We think you need these skills to ace Regulatory Writer - Remote - Studentjob.co.uk
Some tips for your application 🫡
Understand the Role: Before applying, make sure you fully understand the responsibilities of a Regulatory Writer. Familiarise yourself with the types of documents you'll be writing and the regulatory standards involved.
Tailor Your CV: Highlight your relevant experience in regulatory writing or medical communications. Be specific about the types of documents you've worked on and any regulatory guidelines you're familiar with, such as ICH or GCP.
Craft a Compelling Cover Letter: Use your cover letter to showcase your passion for regulatory writing and your understanding of the role. Mention specific experiences that demonstrate your attention to detail and ability to work collaboratively.

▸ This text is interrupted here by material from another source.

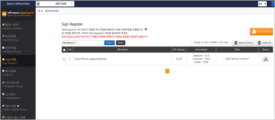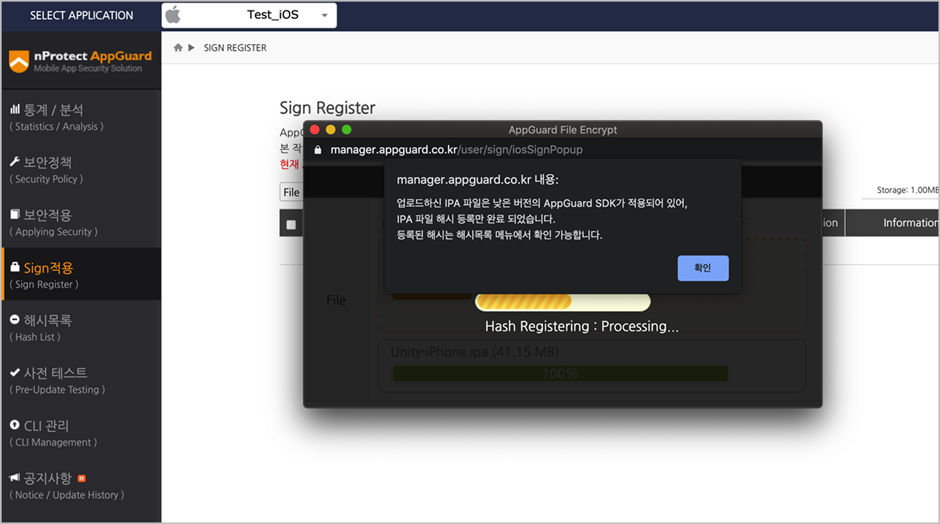 빌드에 낮은 버전의 Appguard SDK가 적용되어 있으면 위와 같이 해시 등록만 가능하니 SDK 업데이트가 필요합니다. 라는 메시지가 팝업 됩니다.

Proofread Your Application: Ensure that your CV and cover letter are free from errors. Given the nature of the job, attention to detail is crucial, so take the time to review your application thoroughly before submitting it.
How to prepare for a job interview at Jobster
✨Know Your Regulatory Standards
Familiarise yourself with key regulatory writing standards such as ICH and GCP. Being able to discuss these in detail will show your expertise and understanding of the role.
✨Prepare Examples of Your Work
Have specific examples of regulatory documents you've written or edited ready to discuss. This will demonstrate your experience and ability to produce high-quality work.
✨Showcase Your Attention to Detail
Highlight instances where your attention to detail made a significant impact on a project. This is crucial in regulatory writing, so be prepared to share relevant stories.
✨Ask Insightful Questions
Prepare thoughtful questions about the company's projects and team dynamics. This shows your interest in the role and helps you assess if it's the right fit for you.